“Sometimes people are beautiful.
Not in looks.
Not in what they say.
Just in what they are.”
― Markus Zusak, I am the Messenger
I went to a funeral Monday. To the very young, it’s news. To the very old, it seems to be more than an every-now-and-then occurrence. To a middle-aged woman, who majored in journalism and minored in sociology it was sweet.
The Eulogies were…. Strike that. Eulogies The tributes, as the family preferred to refer to the speeches were very touching. First the husband spoke about being in love with his gracious and classy wife. He spoke of the first day he saw her, at a dance at the 92nd Street Y, in New York City, when he was a World War II GI. He spoke about assuming she’d be a very smart lady, as she was from the Bronx.(He lived in Brooklyn at that time, and bombed German cities and Nazi armories and military strong points) He spoke about her beautiful smile and the respect he has, and always will have, for her.
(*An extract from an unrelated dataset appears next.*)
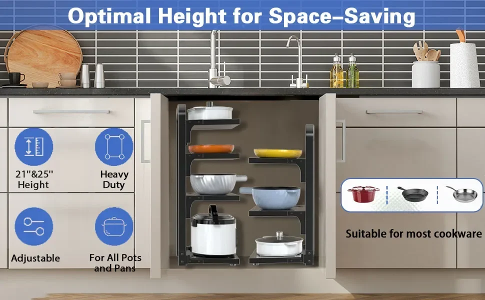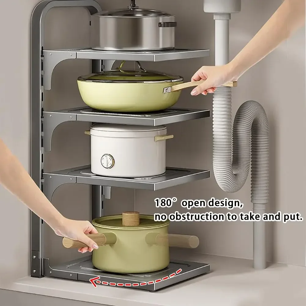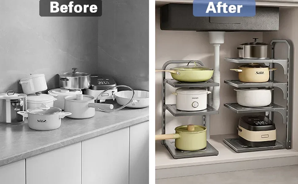 Adjustable Multi-Layer Kitchen Shelves - Under Sink Pot and Pan Storage Rack for Organized Bowls and Cookware

She could have gone to school at the New York Fashion Institute, but instead she earned a “PhT” from the polytechnic institute that he graduated from. No, not a PhD—a PhT, “Putting Him Through” degree. He hung her certificate next to his diploma wherever he set up office. He never forgot to be grateful of the work she did, sacrifices she made so he could afford to go to school. Back then, as today, the GI Bill didn’t cover all the costs. He ended his tribute by promising to always love her. His friends and family knew that he meant it. He showed his love to her, despite how her brain and looks might have been affected after she suffered a series of strokes, and what seemed to be, the onset of dementia. His annual holiday letter often included photos of his wife, captioned by how beautiful her smile was, and how beautiful she looked. He promised to continue to love her…….
……..They would have been married for 65 years at the end of this month.
Then the grandson-in-law and granddaughter came to the podium and, as you could well imagine, after hearing their grandfather speak, they could barely contain their tears. The husband of the granddaughter also spoke words of respect and praised the dignity in which the woman lived her life, as well as her famous “Harvey Wallbanger Cake.” Yes, the dearly departed could cook. But, it wasn’t just the kitchen that was the warm spot in the household. It was the whole experience of being part of the family one in which the husband lavished praise, love and respect on his wife. You could see it in how he embraced the granddaughter, that the grandson-in-law learned from the old man.
Next it was the son-in-law’s turn to speak. First came praise for how this gracious and dignified woman raised his wife(her daughter) and treated him, as if he were her own son. The respect and dignity and love shown to the women by the men in her family seemed to have trickled down through the generations.
It might not seem an appropriate thing to say. But, this past Monday I truly enjoyed going to a funeral.